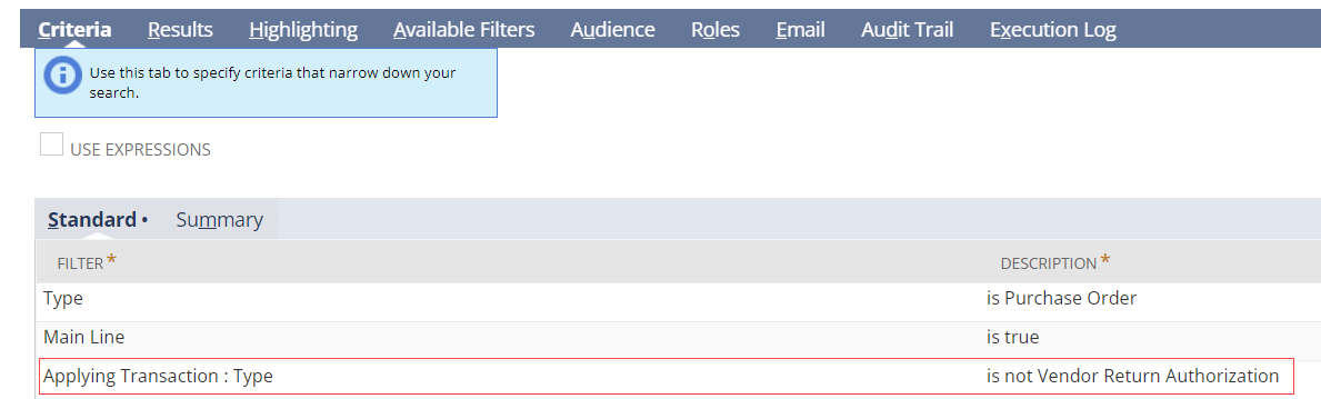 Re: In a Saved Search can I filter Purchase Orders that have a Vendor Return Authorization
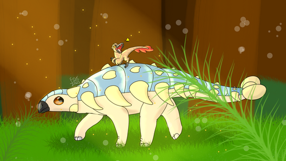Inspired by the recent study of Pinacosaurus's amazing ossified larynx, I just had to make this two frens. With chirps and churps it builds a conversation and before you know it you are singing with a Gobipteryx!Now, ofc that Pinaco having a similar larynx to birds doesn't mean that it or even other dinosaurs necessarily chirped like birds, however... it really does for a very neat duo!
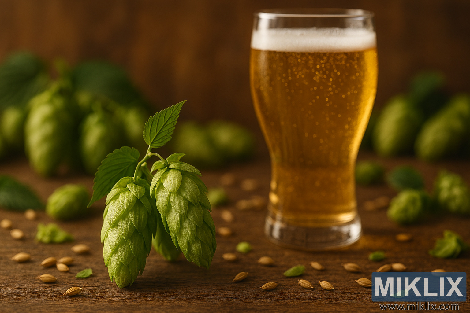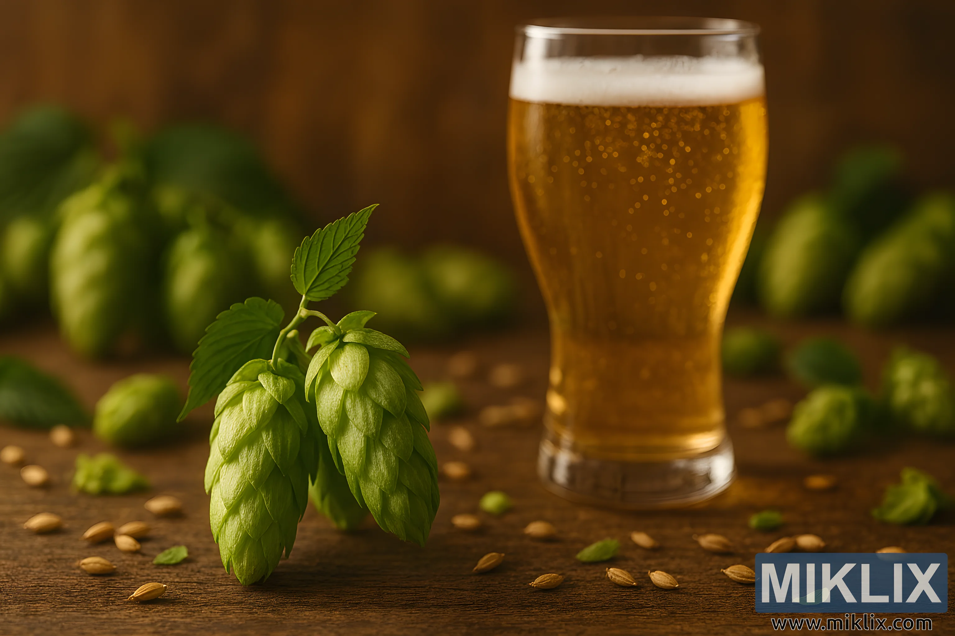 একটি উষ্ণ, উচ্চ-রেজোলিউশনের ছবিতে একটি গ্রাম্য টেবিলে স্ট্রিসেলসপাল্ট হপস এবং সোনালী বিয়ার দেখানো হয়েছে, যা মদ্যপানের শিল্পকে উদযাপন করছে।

**Exercise directions:** All the lines above should be reproduced exactly, and none of the pictures.

**Problem solution:**
 Re: In a Saved Search can I filter Purchase Orders that have a Vendor Return Authorization
Inspired by the recent study of Pinacosaurus's amazing ossified larynx, I just had to make this two frens. With chirps and churps it builds a conversation and before you know it you are singing with a Gobipteryx!Now, ofc that Pinaco having a similar larynx to birds doesn't mean that it or even other dinosaurs necessarily chirped like birds, however... it really does for a very neat duo!
 একটি উষ্ণ, উচ্চ-রেজোলিউশনের ছবিতে একটি গ্রাম্য টেবিলে স্ট্রিসেলসপাল্ট হপস এবং সোনালী বিয়ার দেখানো হয়েছে, যা মদ্যপানের শিল্পকে উদযাপন করছে।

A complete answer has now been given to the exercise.